Kleines ABC:  Migration & Mehrsprachigkeit

   

▶ Spracherwerb: Erste Sprache, zweite Sprache


Spracherwerb führt zum angemessenen, zweckgerechten, unauffälligen Gebrauch einer Sprache. Gemeint ist nicht: Sprache im Sinne der Normen oder ein virtuoser Umgang mit sprachlichen Formen.
Die meisten Menschen entwickeln - weltweit gesehen - mehr als eine solche Sprachform. Wird eine weitere Sprache zeitlich versetzt zur ersten und im wesentlichen ungesteuert in der Kommunikation mit Sprechern dieser Sprache erworben, spricht man von Zweitspracherwerb. Zweitspracherwerb kann zu Bilingualismus in unterschiedlicher Ausprägung führen. Erfolgt der Zugang über formalen Unterricht, gar noch in einem Land, in dem diese Sprache nicht gesprochen wird, ist dies Fremdsprachenerwerb oder -lernen.

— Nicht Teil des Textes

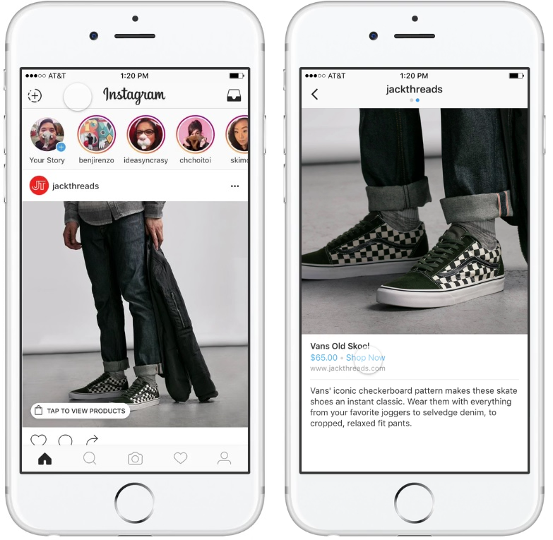 Zgodnie z oficjalną informacją podaną przez Instagram, w pierwszej fazie wdrożenia, nowe funkcje zostaną udostępnione wybranym 20 markom (z branży retail) w USA. Jak w praktyce będzie to wyglądać? Na zdjęciu z produktami, użytkownik będzie miał możliwość sprawdzić np. ich cenę (poprzez kliknięcie w przycisk „Tap to view products”). Klikając na interesujący go produkt, zostanie przekierowany na stronę z jego szczegółowym opisem. Na tym etapie może również użyć przycisku „Shop Now”. Po jego kliknięciu zostanie przekierowany na stronę zewnętrzną, na której może dokonać zakupu.

Die Chomsky-Schule nimmt an, dass der Erstspracherwerb und ebenso der frühe Zweitspracherwerb auf der Basis der Universalgrammatik erfolgt. Kern der Sprache sei die Syntax (die Kombinatorik mit der Möglichkeit von Schleifen: z.B. kann ein Relativsatz in einen Relativsatz, der wieder in einen Relativsatz etc. eingebettet werden, so weit das noch verstehbar ist; man spricht von "Rekursion"). Die Syntax sei sehr komplex, werde außerordentlich schnell und ohne zureichenden Input (der Lerner 'wisse mehr', als er gehört haben kann ("Platons Problem") gelernt. der Lerner lerne nicht, was nicht geht, die Umgebung spreche recht fehlerhaft). Die Sprachentwicklung sei daher nicht über die gängigen Lernverfahren wie Hypothesenbildung, Nachahmung etc. zu erklären, sondern im Kern nur durch eine angeborenes, sprachspezifisches Modul, ein Sprachgen etwa. Dieses Modul enthalte schon die Weichenstellungen für alles, was als menschliche Sprache vorkommen können (Prinzipien), nur sind auf Basis der Sprache der Umgebung dann noch die Schalter für die Umgebungssprache einzustellen (Fixieren der Parameter).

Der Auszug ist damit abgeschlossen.